Data extracts ▸
..............................

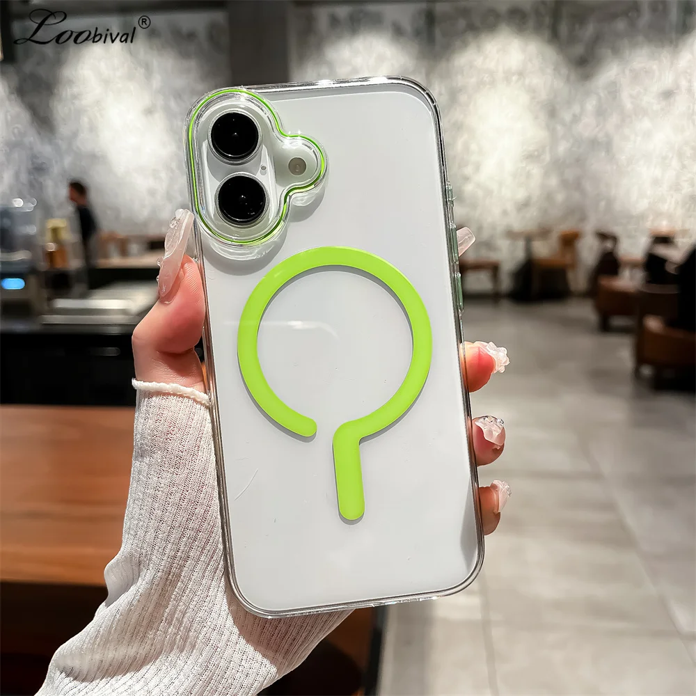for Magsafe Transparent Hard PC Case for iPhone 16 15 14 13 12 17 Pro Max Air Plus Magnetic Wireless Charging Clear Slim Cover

..............................

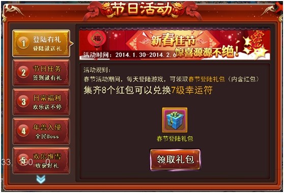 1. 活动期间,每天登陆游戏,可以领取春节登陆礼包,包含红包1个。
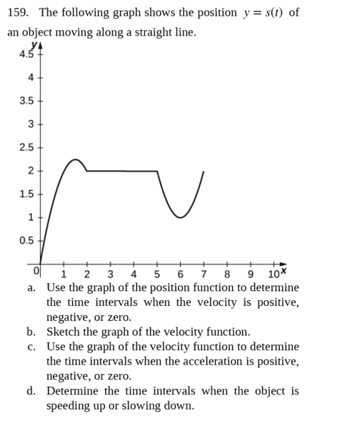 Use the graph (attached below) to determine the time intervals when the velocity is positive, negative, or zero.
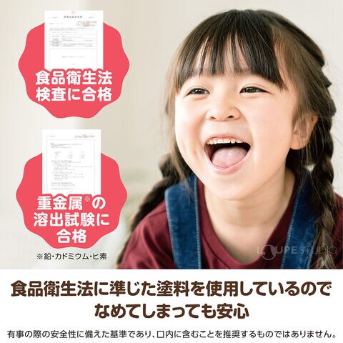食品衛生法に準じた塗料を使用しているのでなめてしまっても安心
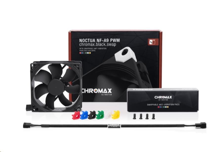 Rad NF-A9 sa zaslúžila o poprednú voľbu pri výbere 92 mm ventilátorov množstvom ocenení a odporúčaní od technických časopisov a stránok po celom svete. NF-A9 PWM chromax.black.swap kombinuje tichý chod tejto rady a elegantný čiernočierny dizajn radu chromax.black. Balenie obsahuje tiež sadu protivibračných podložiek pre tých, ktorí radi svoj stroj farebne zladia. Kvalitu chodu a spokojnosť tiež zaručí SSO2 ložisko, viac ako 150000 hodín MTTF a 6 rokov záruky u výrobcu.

..............................

Requirement ▸
Reproduce the data above exactly, but only from the line containing "Use the graph" through the line containing "Rad NF-A9 sa". Omit all pictures.

Problem solution ▸
 Use the graph (attached below) to determine the time intervals when the velocity is positive, negative, or zero.
食品衛生法に準じた塗料を使用しているのでなめてしまっても安心
 Rad NF-A9 sa zaslúžila o poprednú voľbu pri výbere 92 mm ventilátorov množstvom ocenení a odporúčaní od technických časopisov a stránok po celom svete. NF-A9 PWM chromax.black.swap kombinuje tichý chod tejto rady a elegantný čiernočierny dizajn radu chromax.black. Balenie obsahuje tiež sadu protivibračných podložiek pre tých, ktorí radi svoj stroj farebne zladia. Kvalitu chodu a spokojnosť tiež zaručí SSO2 ložisko, viac ako 150000 hodín MTTF a 6 rokov záruky u výrobcu.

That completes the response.